Android via ADB, iOS via simctl, cloud devices via Appium. One interface for every device type.

Explore Mode

BFS app exploration that automatically taps every interactive element and builds a navigation graph.

Network Monitoring

Correlate API calls with screen actions. See network traffic in HAR format alongside the agent's UI interactions.

Bring Your Own LLM

No vendor lock-in. Standalone mode works with OpenAI, Gemini, Anthropic, Groq, Together, Fireworks, or local Ollama. Your keys, your models.

Coming Soon

Actively in development. These features are planned but not yet shipped.

Coming Soon

Cloud Devices

First-class support for BrowserStack and Sauce Labs via Appium WebDriver. Test on real cloud devices.

Coming Soon

SDK

Android (Kotlin) and iOS (Swift) SDKs for in-app network event interception. Correlate API calls with screen actions.

Coming Soon

CI/CD Ready

JUnit XML output via drengr test --format junit.

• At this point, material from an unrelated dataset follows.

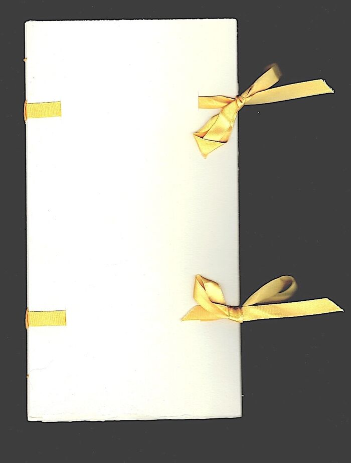 Copy number '20' of an edition of 100 copies (stated on the colophon to be 'less than 150 numbered copies' but SIGNED by the author as 20/100). Printed on dampened, hand made Khadi paper from India using type designed by E R Weiss. Yellow silk ribbon binding of card wrappers with orange endpapers, card chemise with printed paper label. 11½" x 6", pp. [20] with linocut illustration by Bert Eastman.

Drop into any CI pipeline — GitHub Actions, GitLab CI, Jenkins.

Coming Soon

YAML Test Suites

Define test scenarios in YAML. Run them with drengr test. Outputs human-readable or JSON results.

Coming Soon

Drengr Dashboard

Real-time run viewer, API correlation, AI insights, and trends. A Next.js app currently in development.

Coming Soon

Real-time Steering

Pause and resume agents from the dashboard. Override prompts mid-run. Full human-in-the-loop control.

Coming Soon

Multi-Consumer Tracking

See which MCP client is controlling the device — Claude Desktop, Cursor, Windsurf, or Claude Code.